2. Boil the pig bones in cold water for 3-5 minutes, and remove the washed blood foam;
3. Change the water in the pot and add pork bones, dried squid, burdock, carrots and ginger slices (the water has not passed all the materials);
4, pour a little cooking wine, high pressure 15-30 minutes (depending on firepower);
5. Season with salt after cooking and sprinkle with chopped green onion.
Small sticker
Pictures of bone soup
Picture of bone soup (19)
1. Small squid can be replaced by other dried seafood (such as dried squid). It should be noted that it must be cleaned, otherwise there may be small sand affecting the taste;
2. Generally, the soup in cook the meat should first remove the blood foam from the meat, so that the boiled soup has no fishy smell;
3. Putting a few drops of cooking wine (white wine) when cooking broth will also remove the fishy smell very well;
4. If conditions permit, it is best to "boil" the soup slowly with a big casserole;
5, don't put salt too early, it will make the meat shrink and harden, it is not easy to burn crisp, and it tastes very "firewood". Salt can also make the water contained in meat quickly lose, accelerate the solidification of meat protein, and seriously affect the delicious soup.
Exercise 2
material
65438+ 0 white radish, 2 pork bones, ginger, salt, pepper, cooking wine, vinegar, sesame oil, chicken essence and chopped green onion.
Other series of bone soup
Other series of bone soup (12 pieces)
1. Peel the white radish and cut into hob blocks for later use.

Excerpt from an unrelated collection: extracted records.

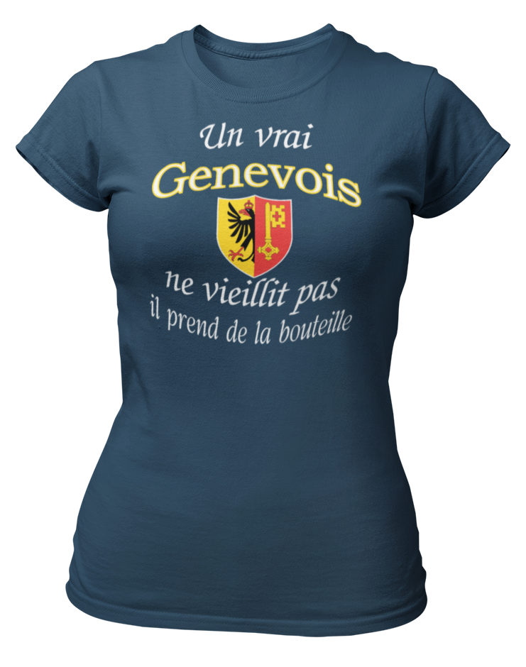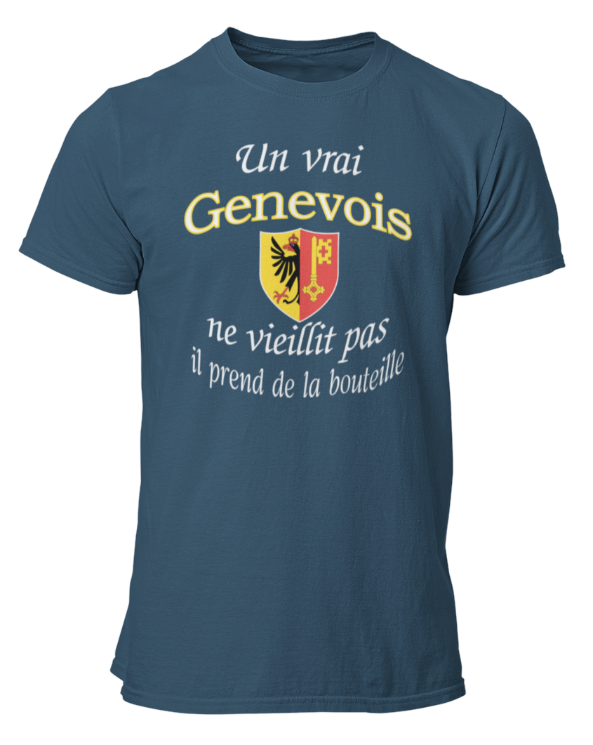 T-shirt Un vrai Genevois ne vieillit pas il prend de la bouteille
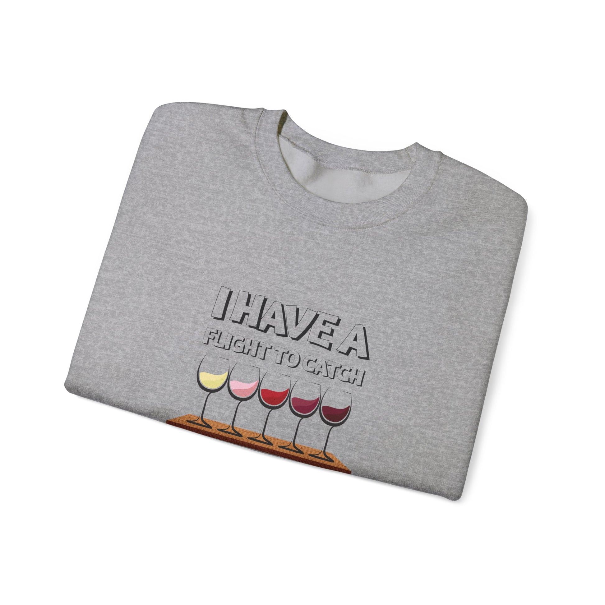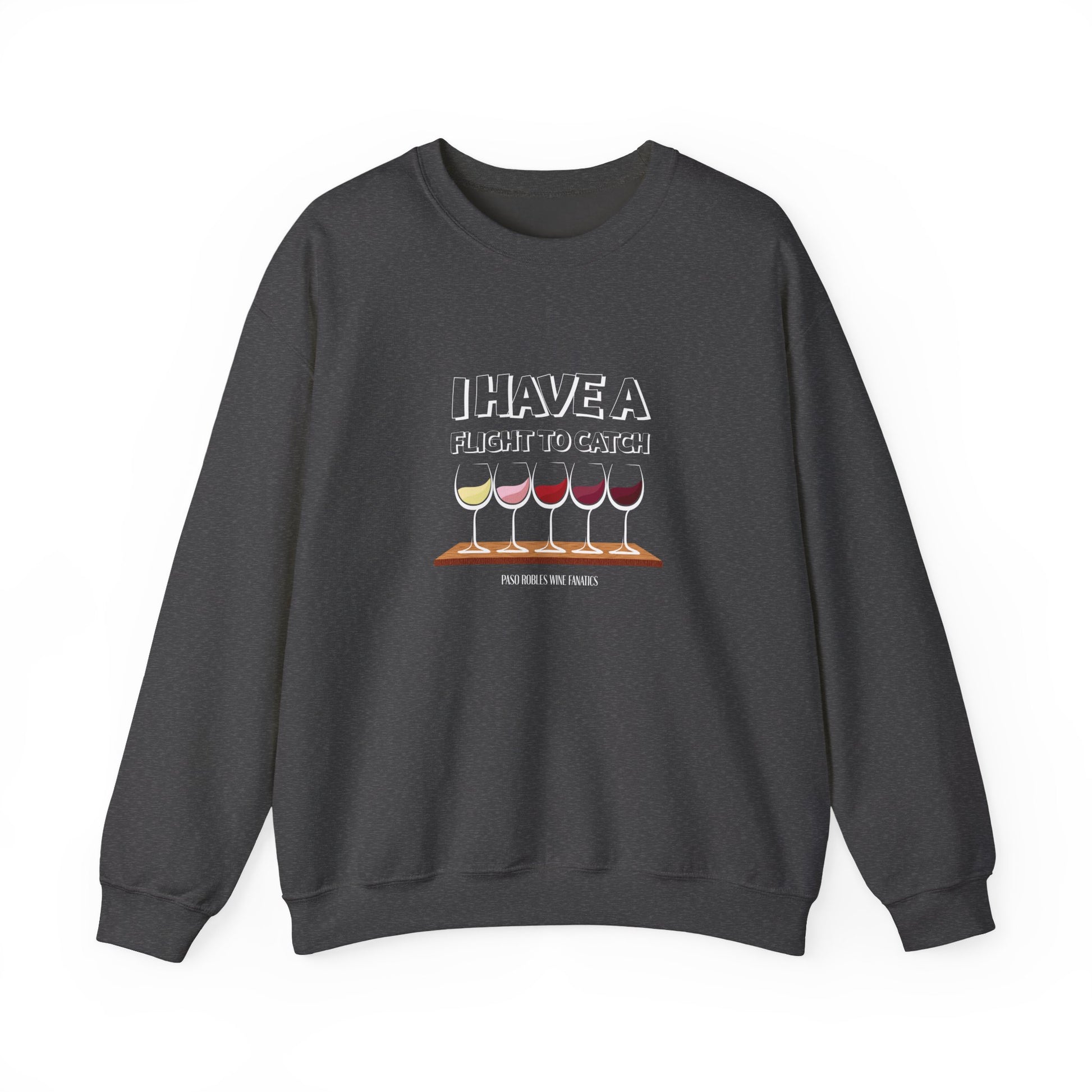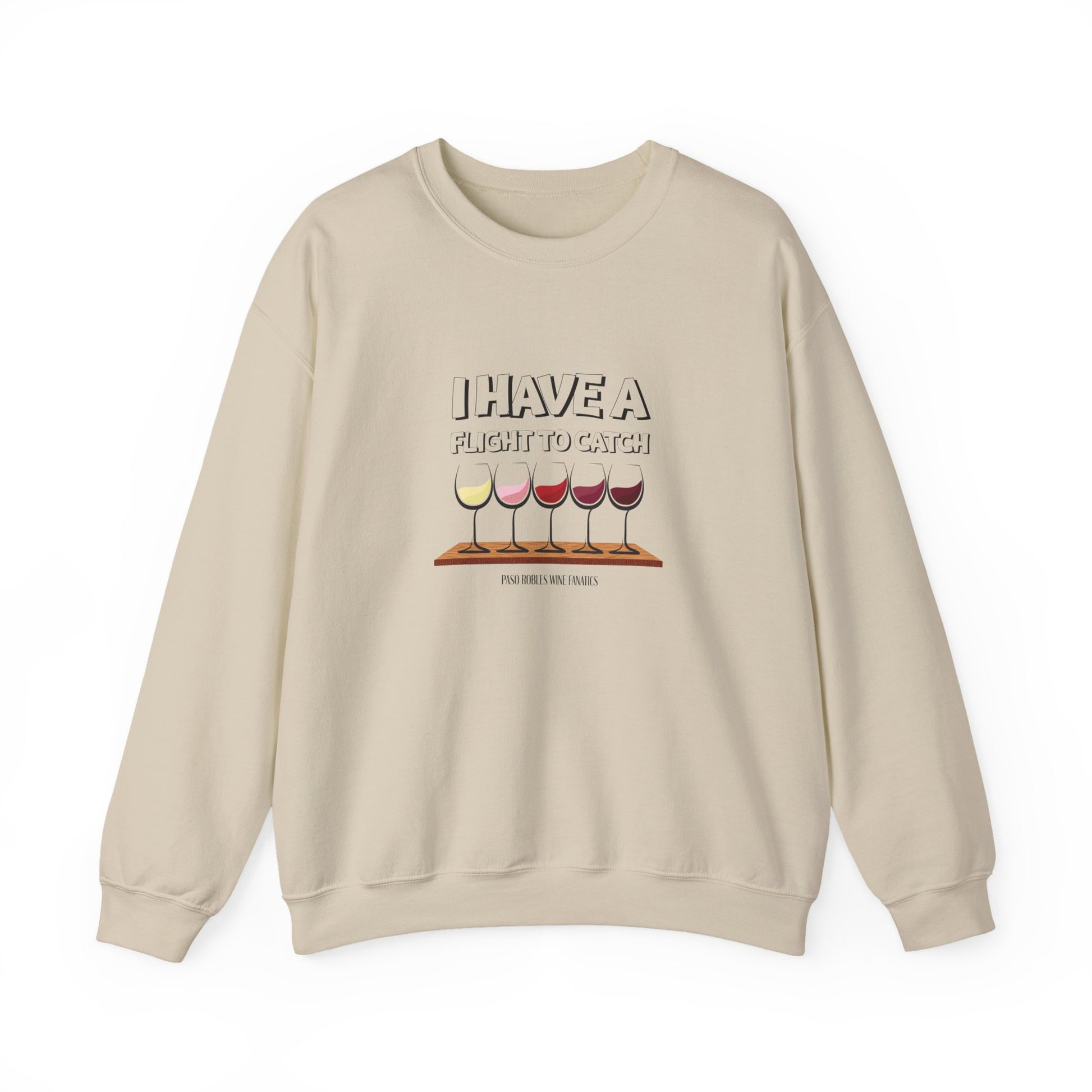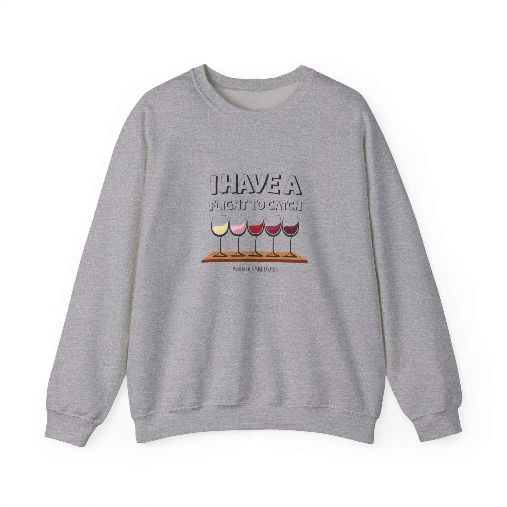 A cozy I Have A Flight To Catch Sweatshirt perfect for wine lovers looking for a stylish and comfortable option to wear during casual gatherings or relaxing at home. This sweatshirt exudes a laid-back vibe and is ideal for wearing during wine tastings, girls' nights, or your next wine tasting adventure!
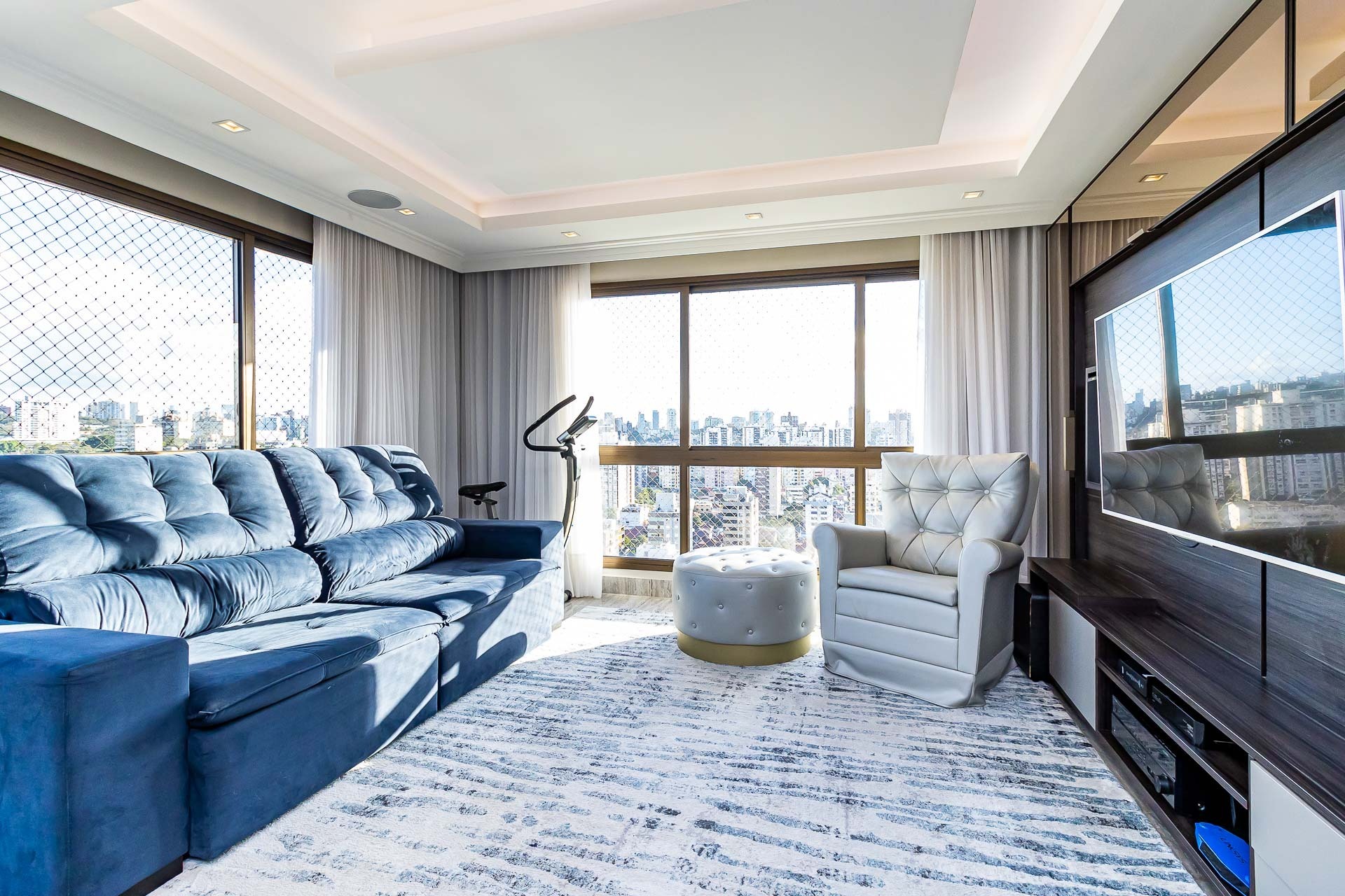 Apartamento para alugar mobiliado com 4 dormitórios, sendo 2 suítes, 179m de área privativa, living com ar condicionado, sacada fechada e ampla com churrasqueira, escrivaninha, cômodas, ventiladores de teto e cortinas, banheiro social com armários, cozinha completa com armários, fogão, geladeira, micro-ondas e coifa e área de serviço.

2. Knock the pipe bone into sections, wash it with cold water, then put it into boiling water, add a little salt and cooking wine 1-2 minutes, skim off the floating foam on the water surface, and take out the pipe bone for later use.
3. Add 2/3 water to a pot and put it on the stove to boil. Pour the bone and radish into the pot, add a small piece of ginger (pat it on the side with a knife) and a few pieces of pepper, and drop a few drops of vinegar (to make the calcium in the bone easier to dissolve in the soup). After the fire boils, it can be simmered 1.5 hours or so.
4. Prepare a big bowl, add a little chopped green onion, salt, chicken essence and sesame oil, and just pour the soup in. You're done! The fragrant radish bone soup is ready!
skill
The pot for stewing big bones should be filled with water at one time, not in the middle;
Do not put salt when stewing, and add it to the soup in the pot when eating;
When stewing bone soup, vinegar should be added to the soup to stew the calcium in the bone.
Exercise 3
Raw material: a big bone
Ingredients: onion, ginger, fungus, and several flowers.
Seasoning: salt vinegar, soy sauce, sugar, star anise, fennel, pepper and fragrant leaves.
1. Wash the big bones and blanch them with ginger slices and shallots.
2, the soaked fungus chooses to go to the roots.
3, prepare spices, dry spices do not have to be too much. There is yellow ginger juice in the cup. Just use fresh ginger. I just use the juice pickled with sweet and sour ginger. 15g superior brewing vinegar, 5g soy sauce, 4g salt, 10g sugar (the taste can be adjusted after boiling).
4. Wash the cooked bones and put them into an electric pressure cooker.
5. Add all the ingredients, add the right amount of water, choose the meat program, and open the pot again after the pressure cooker naturally loses its valve, mainly adding salt to satisfy its own taste.
Tips:
1, the bones are relatively large, and the boiling water must be thorough, so that the soup is clear.
This kind of soup has a high demand for vinegar. If vinegar is not good enough, it will affect the finished product.
3, side dishes can add yellow ear kelp or other dried vegetables. Adjust according to your own taste.